**Work to complete**: Copied exactly and without pictures, the lines from the beginning of the entries through the one that holds "高耐食めっき「ゼクシード製鋼管」松山鋼材が在庫販売" should form the entire reply.
═════ Material to process ═════
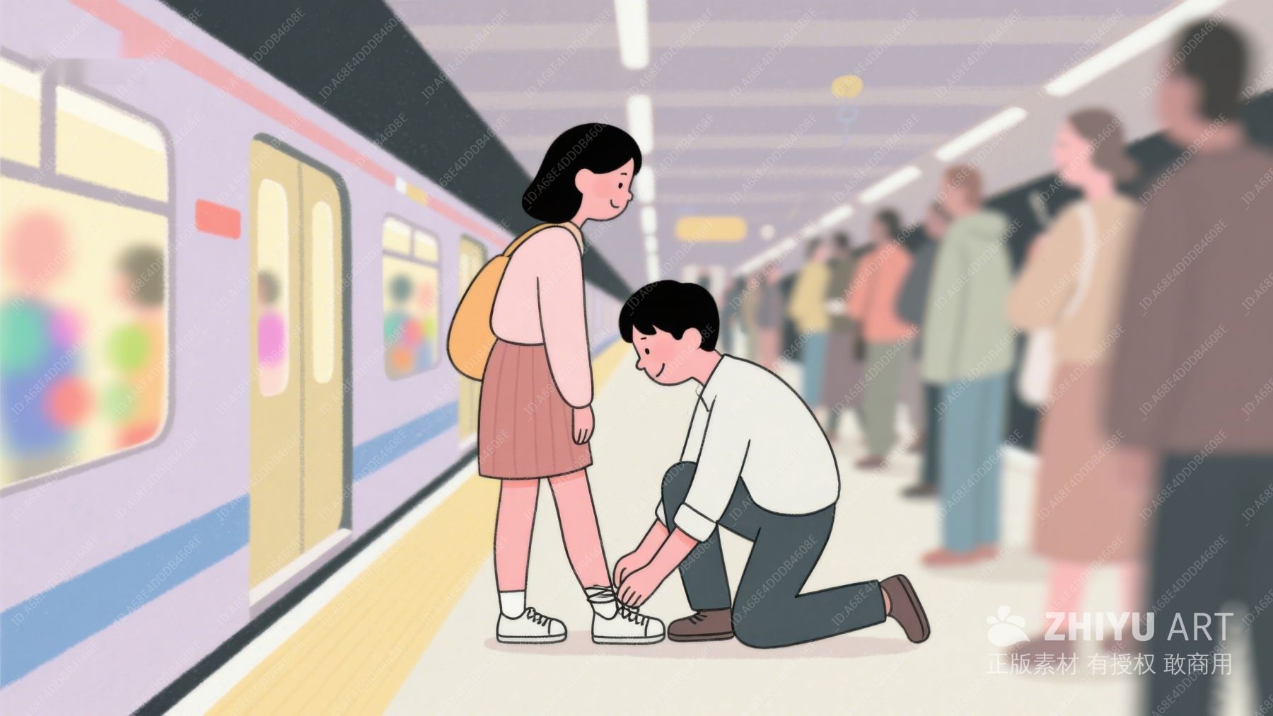 地铁站内,男子为女子系鞋带 112
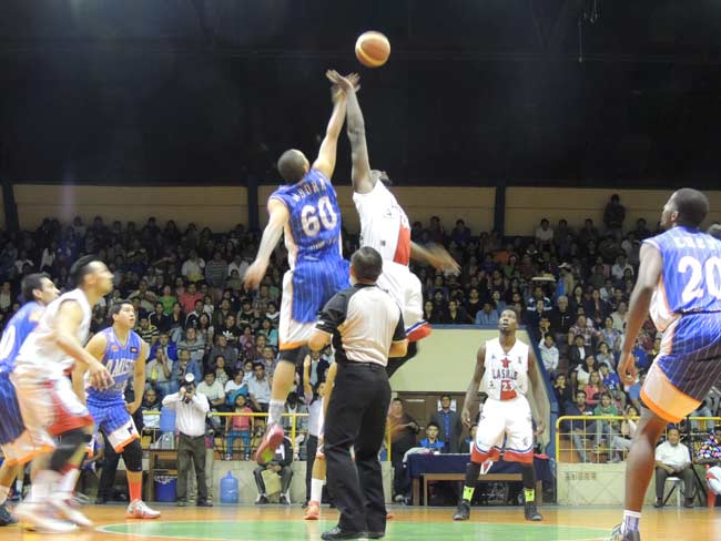 El árbitro lanza la pelota hacia arriba y los dos jugadores saltan para intentar desviarla (no pueden cogerla) hacia algún compañero de su equipo.
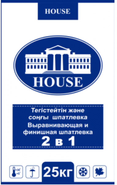Выравнивающая и финишная шпатлевка на полимерной основе, предназначенная для выравнивания оштукатуренных поверхностей. Шпатлевка "HOUSE" от казахстанского производителя оптом и в розницу в мешках по 25кг.
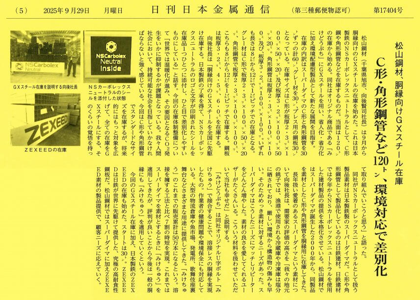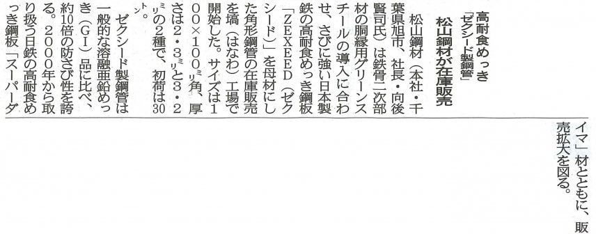 高耐食めっき「ゼクシード製鋼管」松山鋼材が在庫販売
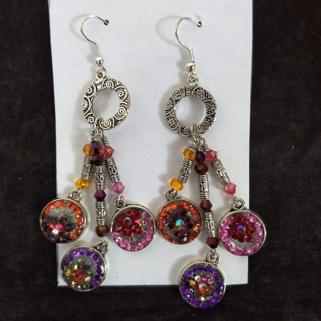 A beautiful pair of earrings from Santa Fe artist Maria Delgado-Rooks! These unique earrings feature pink, purple, and orange gems. At the top, a silver ring hangs, dangling below are silver bars with gems. At the end of the earrings are silver rounds with gems inset in them. Each earring features three silver bars of varying length with rounds at the end of each. The earrings hang 3″ down.
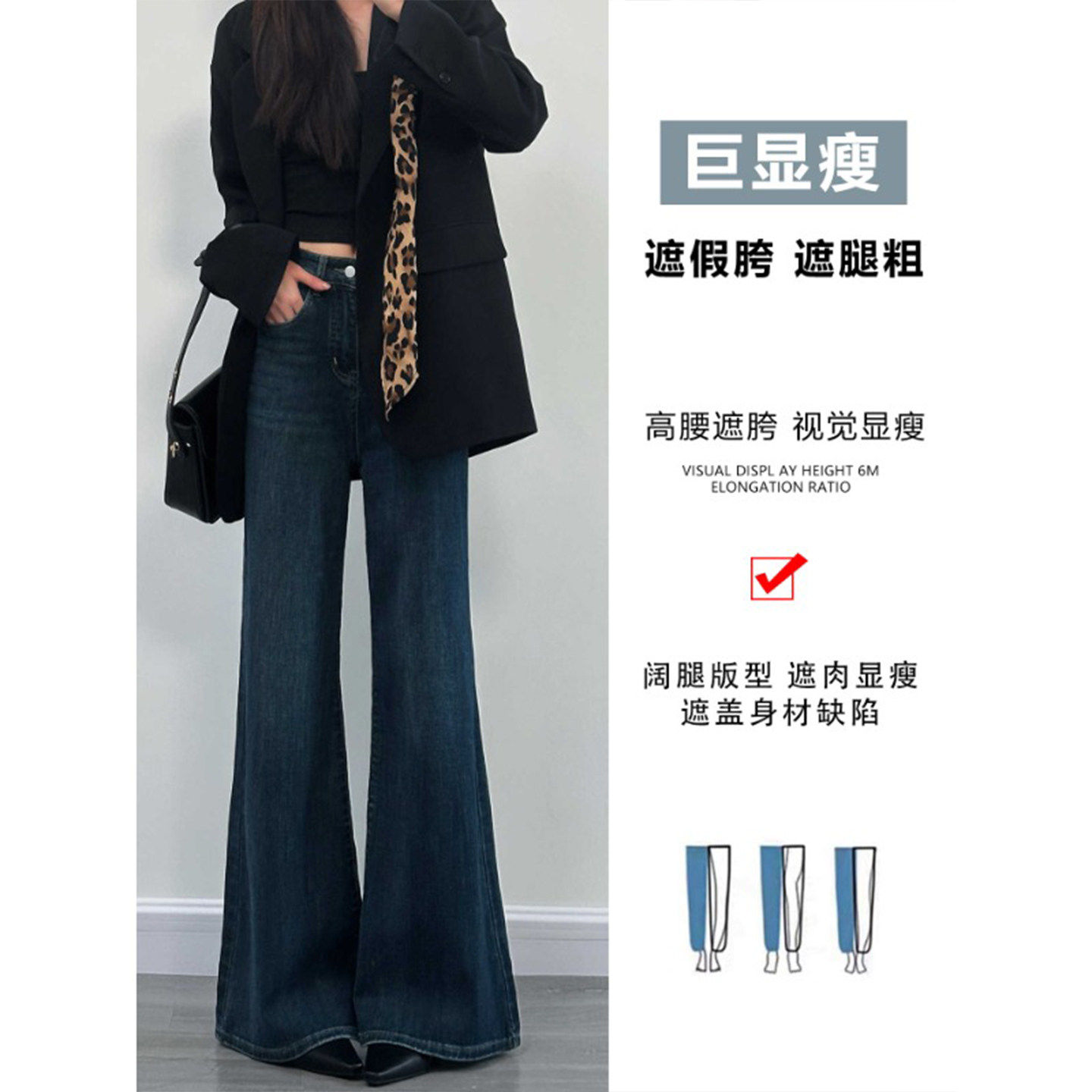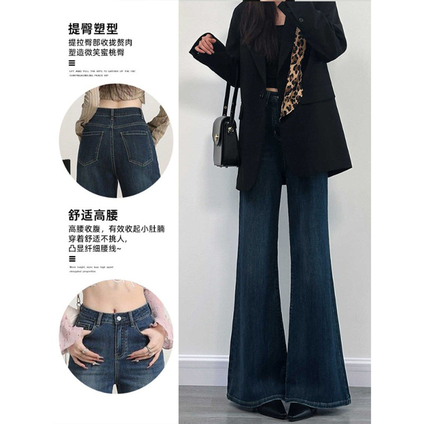 深蓝色不贴腿微喇牛仔裤女2026春夏季新款小个子高腰显瘦喇叭裤子
═════
**Result of the task**:
 地铁站内,男子为女子系鞋带 112
 El árbitro lanza la pelota hacia arriba y los dos jugadores saltan para intentar desviarla (no pueden cogerla) hacia algún compañero de su equipo.
Выравнивающая и финишная шпатлевка на полимерной основе, предназначенная для выравнивания оштукатуренных поверхностей. Шпатлевка "HOUSE" от казахстанского производителя оптом и в розницу в мешках по 25кг.
 高耐食めっき「ゼクシード製鋼管」松山鋼材が在庫販売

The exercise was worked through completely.